Simple actions you can take to protect our waters, from source to tap:
Michigan House Passes “No Greater Than the Feds” Bill; Passes to Senate
There’s a bill working its way through the state legislature that would prevent the state from enacting any environmental protections that are stronger than existing federal protections. It just passed out of the Senate Oversight Committee today and now goes to a vote by the full Senate. You can read more about it here, and we’ve made it easy to contact your state Senator to let them know you oppose this bill.
Michigan Legislators Want Homeowners to Cover Flood Cleanup Costs
A bill in the Michigan House would leave home and business owners 100% responsible for covering flood cleanup costs, even when an outdated sewage and stormwater system is clearly at fault. The bill would let the government off the hook for sewage overflows and ruined basements if it rains more than 1.7 inches in one hour, or 3.3 inches in a continuous 24-hour period. These are common rain events that are only becoming more frequent in our warming climate. Read more about the bill here.
Michigan’s water infrastructure is old. Like many Great Lakes communities, cities across the state continue to live with 50-150 year old systems unable to keep up with population growth and modern water use. Instead of finding solutions for Michigan’s aging water infrastructure, the state House is voting on whether to push costs off on homeowners.

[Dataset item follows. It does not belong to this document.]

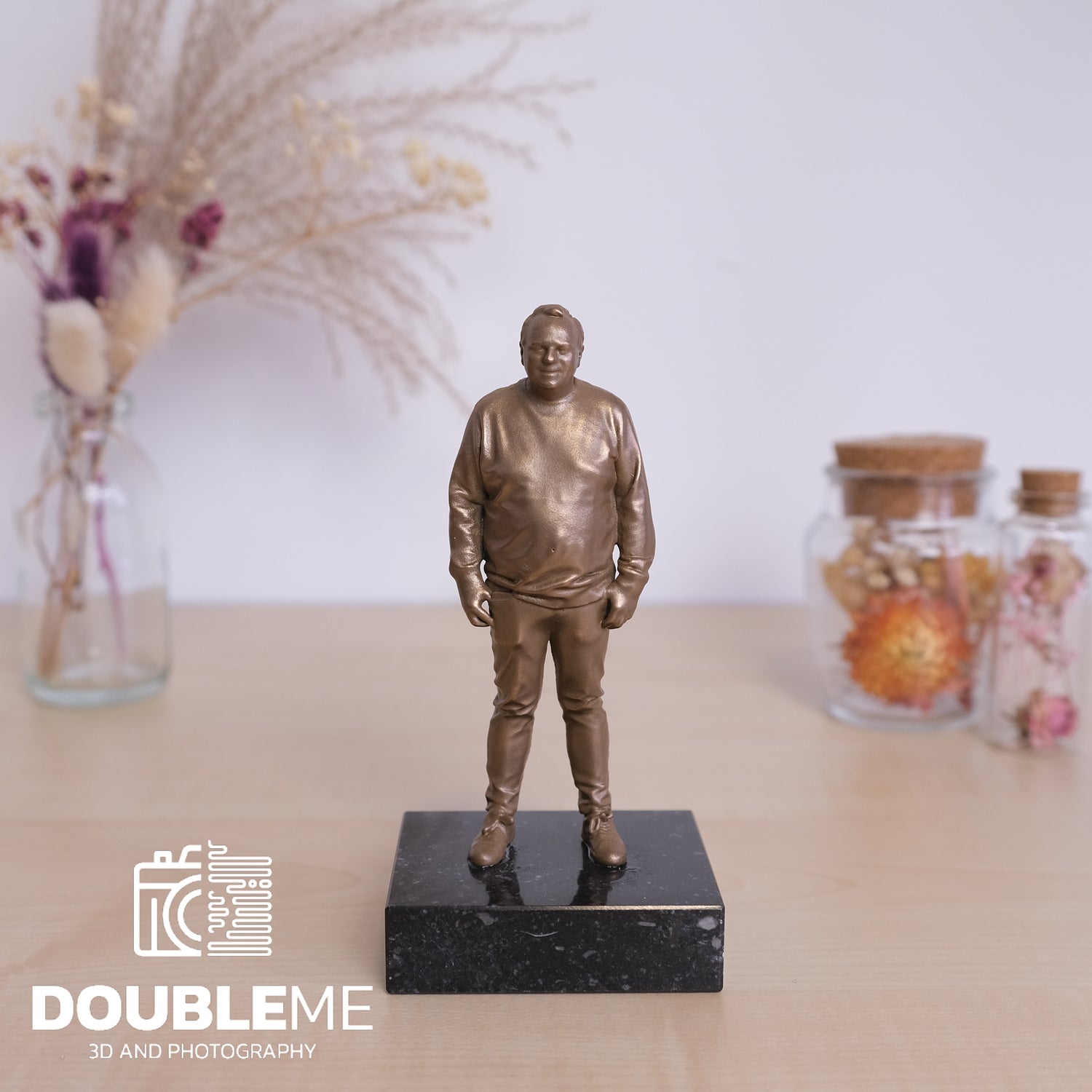 Een echt standbeeld(je) van jezelf of van jouw familie/vrienden. In een brons look kleur lijkt het net op een echt brons beeld, alleen dan voor minder geld. Daarbij hou je in deze vorm veel meer detail in het beeldje omdat de bovenste laag in dit geval minder dik is dan bij een echt brons beeld.

Michiganders, tell your elected representative to vote NO on Bill 4290. Take action here.
Wisconsin Considers Repeal of Popular Mining Law
Wisconsin State Senator Tom Tiffany (R-Hazelhurst) has introduced a bill that would effectively rescind the state’s popular “Prove It First” law, which currently presents a significant obstacle to the construction of new sulfide mines in Wisconsin. Aquila Resources, a Canadian exploration company that owns the controversial Back Forty mine proposal in Michigan, has expressed interest in several Wisconsin sites, and this bill’s passage would remove the only formidable legal barrier to expanding operations there.
72% of Wisconsinites support “Prove It First” and want it preserved; if you’re one of them, make sure your Wisconsin legislators know it. Learn more about the bill—and how to take action—on our blog.
Proposed Site Would Store Nuclear Waste Less Than One Mile from Lake Huron
Plans for a proposed nuclear waste dump in Ontario—less than a mile from the Lake Huron shore—have stalled as the Canadian government requests more information about the proposal.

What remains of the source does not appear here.